Die Hobbybeobachter warten, bis der auserwählte Satellit an einem Stern vorbeifliegt, und stoppen anschließend die Zeit, bis er einen weiteren passiert. Aus der Position der beiden Himmelskörper und der bis auf einen Bruchteil einer Sekunde bestimmten Flugdauer können sie die Umlaufbahn des Satelliten ableiten. Beim letzten Flug des geheimen Spionagesatelliten X-37B hatten die Mitwirkenden diese Information innerhalb von 24 Stunden.

»Die Umlaufbahn liefert eine überraschende Vielfalt an Informationen«, erklärt Jonathan McDowell, ein Hobbybeobachter und Astronom am Harvard-Smithsonian Center for Astrophysics. Viele Satelliten befinden sich zum Beispiel in einer niedrigen Erdumlaufbahn (»low earth orbit«, LEO), in einer Höhe von maximal 2000 Kilometern. Von dort lässt sich zwar nur ein kleines Gebiet betrachten, dafür aber in vergleichsweise hoher Auflösung. Daher nehmen LEO-Satelliten meistens Fotos auf, entweder für die Wissenschaft – beispielsweise zur Wetterbeobachtung – oder eben für Spionagezwecke.

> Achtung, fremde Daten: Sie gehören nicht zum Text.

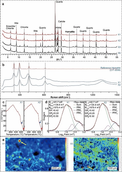 图2 赤铁矿加工相关遗迹(红色染色区)与遗物。A, 相关遗物和遗迹的原始状态;B, 赤铁矿粉末染色区;C, 表面可观察到摩擦痕的赤铁矿;D, 赤铁矿小块;E, 表面染色并残留赤铁矿微屑的加工工具(石灰岩板)。(研究团队提供) 下马碑遗址中的赤铁矿加工遗存的确定是研究工作的重点。首先通过拉曼光谱(Raman)、X射线荧光光谱(XRF)和扫描电镜能谱(SEM-EDS)分析,确定野外发掘中疑似颜料加工区内含有两块大小不同、矿物成分亦有差异的赤铁矿(赭石)小块。显微分析揭示出其中较大一块表面有明显的反复摩擦痕迹。随后对伴生的另一块表面明显被染红的长条形石灰岩进行分析,发现在其表面残留有赤铁矿微屑,大小200mm左右,犹如发丝。颜料加工区内另一件遗物为一件表面部分磨光的卵石,虽无明显的残留物,但其部分明显磨光的特征说明可能作为磨锤或杵使用。为了进一步明确染色区域是由人为因素产生而非自然形成,对染色区、遗址内其他区域及遗址外不同区域的沉积物进行了多指标综合分析,包括X射线衍射(XRD)、微束X射线荧光光谱(microXRF)、拉曼光谱(Raman)、扫描电镜能谱(SEM-EDS)和岩石磁学等,多种手段的分析结果一致显示,仅染色区富集赤铁矿,其他区域并不含有赤铁矿(图3)。此次在下马碑遗址发现的赤铁矿加工遗存是东亚地区首次正式见诸报道的此类发现,将东亚早期人类使用颜料的历史提早到距今4万年前,也使东方古人类艺术创作、审美、认知表达的历史大大提前,改写了学术界的认识。
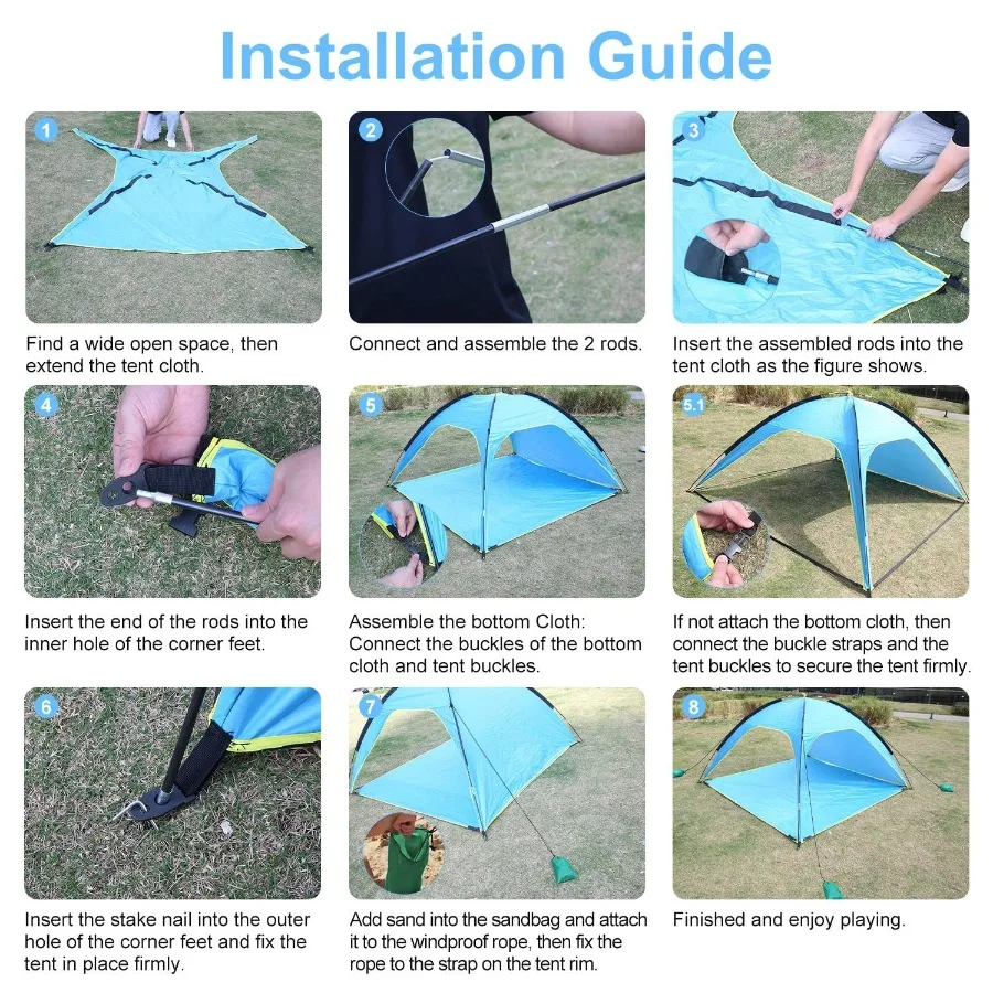 Enjoy sun, sand, and shade with the Beach Tent Outdoor Waterproof Canopy, perfect for 4-6 people. Featuring UPF50+ protection, 3 door openings, and a waterproof design, it’s ideal for beach outings, picnics, and outdoor activities. Lightweight and easy to set up, it comes with a carrying bag for effortless transport.
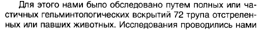 Попова (1929) видно, что "...для полного гельминтологического вскрытия таких крупных объектов, как лошадь, – одному человеку требуется затратить времени более одного месяца, для крупного рогатого скота – около трех недель, для овцы – более недели...".
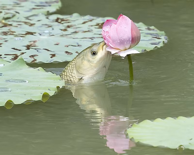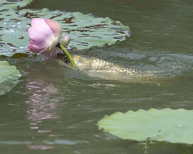 Trên thực tế, một số loài cá nước ngọt có thực đơn tương đối phong phú, trong đó có cả món hoa tươi. Ngoài hoa sen, chúng cũng sẽ ăn hoa súng hoặc bất cứ mầm sậy non nào chúng có thể với đến.
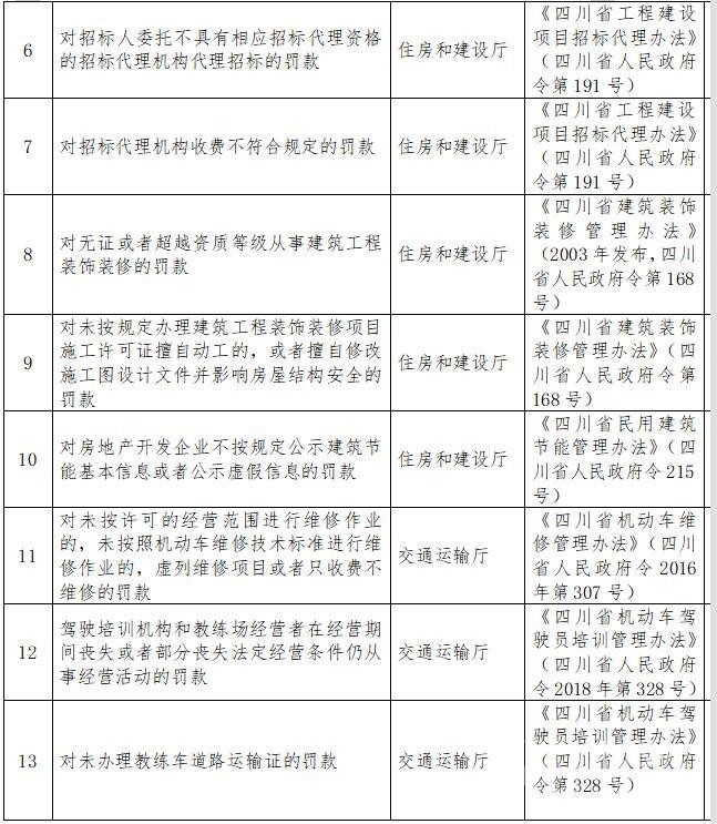 匯總所有意見建議后,《四川省人民政府關(guān)于取消和暫停行使一批罰款等事項(xiàng)的決定(征求意見稿)》決定取消和暫停行使25項(xiàng)罰款事項(xiàng),其中取消19項(xiàng),暫停行使6項(xiàng)。罰款事項(xiàng)取消和暫停行使后,依照法定程序修訂相關(guān)省政府規(guī)章。
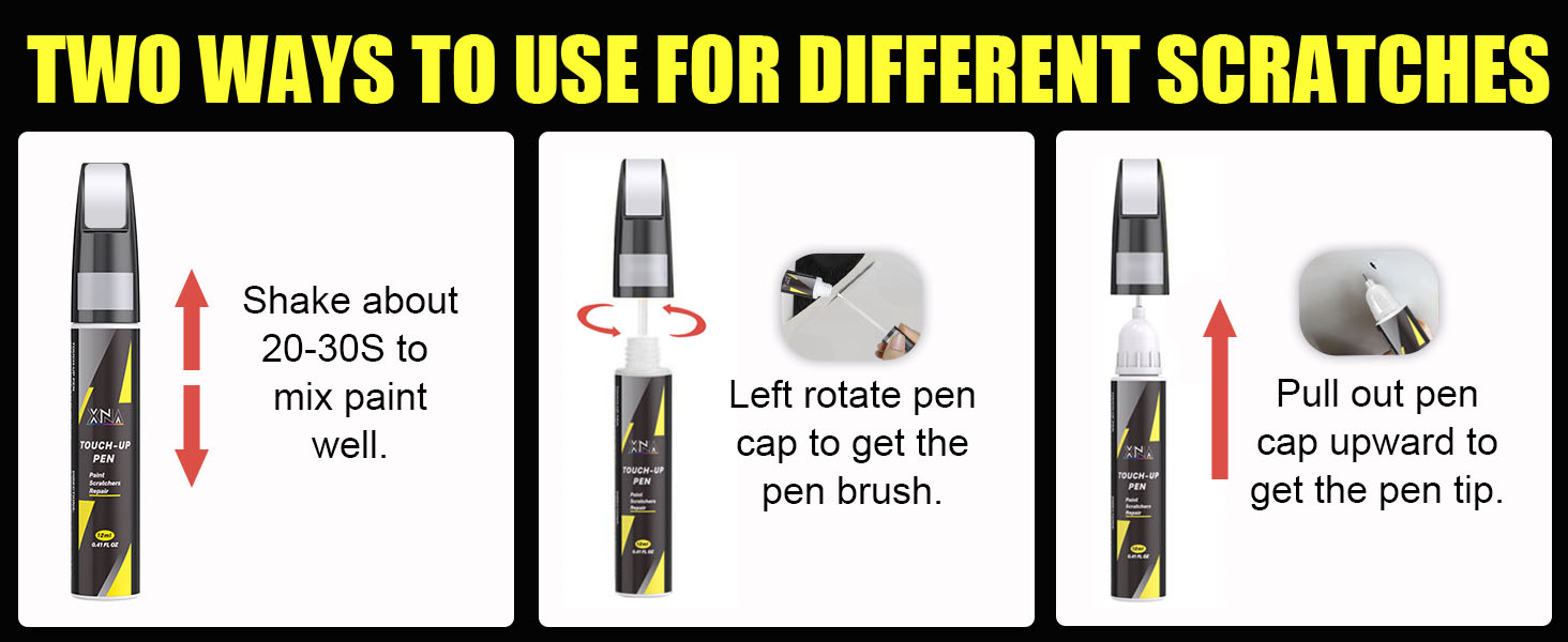 [Easy to Repair] 1. Clean the scratched area; 2. Shake the car paint pen for 20-30 seconds to mix the paint fully; 3. Apply small amounts multiple times in the same direction. For deeper scratches, wait 5 to 10 minutes for the paint to dry, remix the car touch-up paint, and repeat until the damaged area is fully covered.

Satelliten hingegen, die exakt in 35 786 Kilometer Höhe in geostationärer Umlaufbahn (GEO) schweben, bewegen sich genau mit einem Punkt auf der Erdoberfläche mit. Solche GEO-Satelliten sind meist für Kommunikation oder Rundfunk zuständig. Andere Exemplare wiederum, die hoch auf elliptischen Umlaufbahnen kreisen, verbringen die meiste Zeit über der nördlichen Hemisphäre. In der Regel handelt es sich dabei um Frühwarn- oder Spionagesatelliten. Flugkörper auf sonnensynchronen Orbits bewegen sich im Gleichschritt mit der Sonne, so dass sich ihr Schatten auf der Erde nie verändert: eine gute Voraussetzung für Spionage.

Weitere Informationen lassen sich aus dem Verhalten eines Satelliten ableiten. Wenn einer seine Umlaufbahn anpasst, kann das verschiedene Gründe haben. Vielleicht will man nur den Luftwiderstand verringern oder aber einen ganz bestimmten Flecken Erde beobachten: »Während des Kriegs von 1973«, sagt McDowell, Bezug nehmend auf den Jom-Kippur-Krieg zwischen Israel und einer Koalition der arabischen Staaten, »veränderten Satelliten ihre Bahnen, um häufiger über Ägypten zu fliegen.« Auch aus den Sonnenstrahlen, die von den glatten Oberflächen der Satelliten reflektiert werden, lassen sich Rückschlüsse ziehen. Sind die Spiegelungen zum Beispiel unregelmäßig, verlässt der Satellit wahrscheinlich gerade seine Umlaufbahn.

McDowell glaubt, dass etwa zehn Prozent der von ihm und seinen Mitstreitern beobachteten Satelliten der militärischen Kommunikation, der Frühwarnung oder der Spionage dienen. Ihnen gemeinsam ist, dass sie nicht in Space-Track auftauchen. Die hobbymäßig durchgeführten Beobachtungen liefern also nicht nur frei zugängliche Informationen über zivile Satelliten aller Länder, sondern sind zudem eine Hauptdatenquelle für Militär- und Geheimdienstobjekte.

Seine Mitstreiter und er seien sich der großen Verantwortung bewusst, wenn sie die Öffentlichkeit etwa über die Aktivitäten von Spionagesatelliten informieren, so McDowell. Im Großen und Ganzen würden sie sich jedoch keine Sorgen machen, dass sie nationale Geheimnisse aufdecken könnten. Auch rivalisierende Nationen hätten die Möglichkeit, sich Ferngläser und Stoppuhren zu kaufen, scherzt McDowell. Er hält die Hobbybeobachter insgesamt für eher unpolitisch. Ihre Feinde seien nicht andere Länder, sondern ausfallende und fehleranfällige Geräte. »Wir sehen uns als eine internationale Community von Ingenieuren im Weltraum, die gegen ›Murphy's Law‹ und die Natur kämpfen«, sagt McDowell. Und sie würden gern Rätsel knacken, in diesem Fall Lücken in den Daten von Space-Track finden und diese füllen. »Es ist gewissermaßen wie Sudoku«, scherzt er.

Letztlich ist es allerdings viel mehr als das, gewährleistet ihre Arbeit doch eine unabhängige Kontrolle und Transparenz. Hätten die Amateure das Stalking von USA 245 nicht veröffentlicht, hätten die USA ihre Verwundbarkeit nicht zugeben müssen und Russland hätte alles leugnen können, meint Grego. Das Militär und die Diplomaten werden auch weiterhin im Geheimen operieren. Aber wenn ein Weltraumkrieg droht, dürften die Hobbybeobachter die entsprechenden Informationen zugänglich machen.